In un contesto di crescita economica altamente sincronizzato, in cui le evoluzioni tecnologiche necessitano di un maggiore utilizzo di metalli e della riduzione dell’offerta, da metà 2016 il mercato siderurgico registra una tendenza al rialzo. Non si registrava una ripresa della domanda di questa portata dal periodo post crisi 2008. In aggiunta al deprezzamento del dollaro statunitense, questo fenomeno ha portato a un’impennata dei prezzi dei metalli. Così, a inizio anno, l’alluminio ha registrato un aumento del 37%, i prezzi del cobalto sono quadruplicati, quelli del rame e del nichel hanno subito un incremento rispettivamente del +44% e +53%, quelli dello zinco sono raddoppiati rispetto a inizio 2016.
Malgrado un ritorno della crescita e della redditività nella maggior parte dei segmenti, il settore siderurgico rimane uno dei più a rischio nella valutazione settoriale di Coface, che valuta il rischio credito «elevato». Gli attori più fragili dipendono dalle vendite all’ingrosso e risentono delle relazioni asimmetriche con i grandi clienti di punta.
Tendenze contrastanti nel 2018 e 2019
Il settore siderurgico è per tradizione fortemente influenzato da ingerenze politiche e disordini geopolitici, che causano volatilità e aumento dei prezzi. Le recenti misure protezioniste prese da Stati Uniti (dazi doganali sulle importazioni di acciaio e alluminio) e Unione Europea (dazi antidumping su acciaio e ferro) hanno avuto un impatto debole sui produttori di metalli cinesi che si sono allontanati da questi mercati per riorientarsi verso il mercato interno. I dazi doganali cinesi imposti sui tubi in acciaio, gli aerei e le auto in risposta alle misure americane non dovrebbero influire molto sull’industria automobilistica. Finora, la crescita economica non è diminuita, dal momento che è in discussione meno dell’1% del PIL degli Stati Uniti e della Cina. Resta il fatto che una guerra commerciale avrebbe certamente conseguenze sul rischio di credito delle imprese. Coface stima che nel 2018 l’aumento del protezionismo potrebbe avere ripercussioni sulla volontà di investimento e sulla fiducia delle imprese.
Tutti gli indicatori mostrano che l’economia mondiale ha già raggiunto il suo picco di crescita, che, in teoria, dovrebbe esercitare una pressione al ribasso sui prezzi a partire dal 2019. Nel breve periodo, l’escalation di tensioni dovrebbe continuare a far aumentare i prezzi. I principali metalli di base saranno i grandi vincitori, tenuto conto della ripresa della domanda di batterie e componenti elettronici. Tra dicembre 2017 e dicembre 2019, l’alluminio dovrebbe registrare una crescita limitata pari al 2%, il rame dovrebbe seguire la stessa tendenza, in aumento del 2,4%, e il nichel e lo zinco dovrebbero registrare un incremento rispettivamente del 18% e del 14%. Questa situazione potrebbe costringere gli utilizzatori finali, come i fabbricanti di batterie e i costruttori di auto, a trovare altri materiali in caso di scarsità o aumento dei prezzi.

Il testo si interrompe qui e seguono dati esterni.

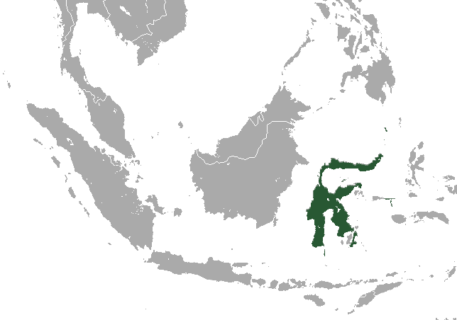 Sulawesi Flying Fox (Acerodon celebensis) range

Al contrario, nello stesso periodo, i prezzi dell’acciaio dovrebbero diminuire del 19%, a causa del peggioramento delle sovraccapacità e della mancanza di disciplina dei produttori cinesi che nei periodi di calo dei prezzi non riescono a raggiungere i livelli stabiliti di capacità produttiva. Questo scenario di base caratterizzato dal crollo dei prezzi dei metalli ferrosi è sostenuto dall’elevato indebitamento generale delle imprese. I ratio di indebitamento non sono particolarmente alti in Cina, dove il settore è dominato dalle grandi imprese pubbliche, e negli Stati Uniti (al 15%), dove le imprese sono molto più esposte a una potenziale corruzione dei flussi di liquidità.
“L’andamento del settore siderurgico mondiale resta uno dei temi più sensibili da monitorare”, sottolinea Ernesto De Martinis, CEO di Coface in Italia e Head of Strategy Mediterraneo & Africa. “La crescita esponenziale di questo mercato negli ultimi due anni, infatti, non resta esente dal tradizionale impatto delle tensioni politiche, alla base della volatilità e dell’aumento dei prezzi. Non secondario, inoltre, anche il possibile aumento delle sovraccapacità produttive, soprattutto degli operatori cinesi, che ci fanno confermare un rischio credito elevato per il comparto”, conclude De Martinis.